The potential drawbacks are

If you live for years, you will pay in more than the policy will pay out
If you cant afford the payments are any stage, the policy gets cancelled and you lose everything you put in.

Have you read the Important information document on the website ?  They have some examples.


Funerals are like a lot of things in life - as expensive as you want to make them. I dont care how I get buried or how flash the coffin is or how many people get a free feed from my family, so I personally wouldnt be bothered.


----------



## trasneoir (19 Jul 2016)

The best defense against stupid funeral expenses is clear instructions to your loved ones that you don't want any stupid funeral expenses. You're not going to get the comfy, practical, environmental, cardboard coffin unless you ask for it 

Insurance is a profitable game, so whenever I can handle the risk, i insure myself.
If you've got a decent emergency fund, it should be plenty to bury you when the time comes.
If you don't have a decent emergency fund, use the money you would have spent on burial/life insurance to build one. It will deliver way better value.


----------



## demoivre (19 Jul 2016)

Branz said:


> http://www.citizensinformation.ie/e...d_organ_donation/organ_and_body_donation.html
> These are *the sole undertakers doing it in Ireland*
> [broken link removed]



Since when? A Local undertaker brought the remains of one of my neighbours to UCC recently.


----------



## thedaddyman (19 Jul 2016)

in fairness, it does no harm to have a bit of forward planning done for something like this. there is a good article here

http://www.irishtimes.com/business/personal-finance/funeral-costs-is-it-time-to-plan-ahead-1.2581909

A lot depends on the type of funeral you want.
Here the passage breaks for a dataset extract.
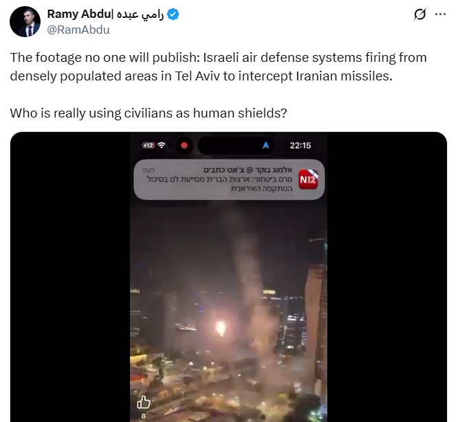 The false equivalency between Israel and Hamas has reached such deranged levels that Hamas propagandists are now claiming Israel is “using human shields” simply for placing Iron Dome batteries in Tel Aviv to protect its civilians from Iranian missile barrages.
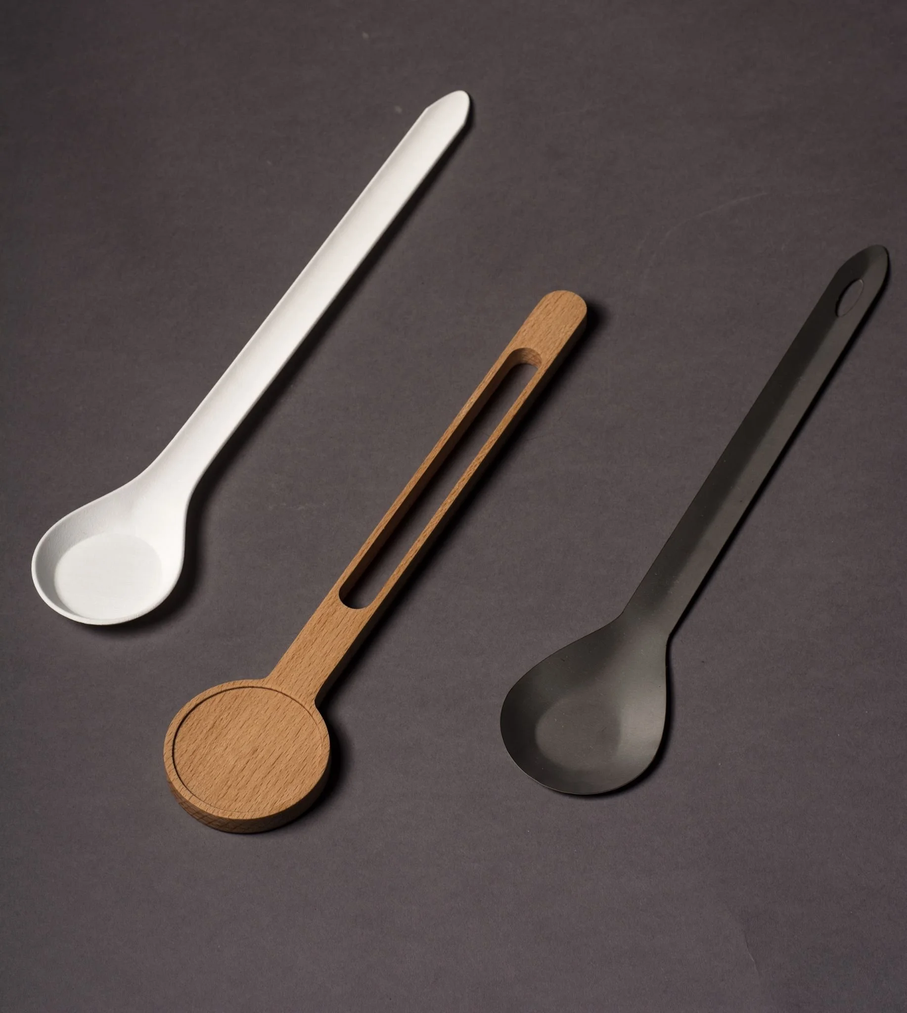 This project focused on exploring a collection of cutlery made from three distinct materials: wood, plastic, and metal. The objective was to identify commonalities among the spoons while simultaneously highlighting the unique possibilities and characteristics inherent to each material.

For example if you got the church route then whilst the building may be free, you'd be expected to make a payment to the priest, alter servers and sacristan. Do you need a new grave, a new headstone or are there existing ones that can be used.

Other major cost is the wake, if you go to a hotel or have it in the house can have a big bearing on costs

Cheerful topic for the hottest day of the year


----------



## elcato (19 Jul 2016)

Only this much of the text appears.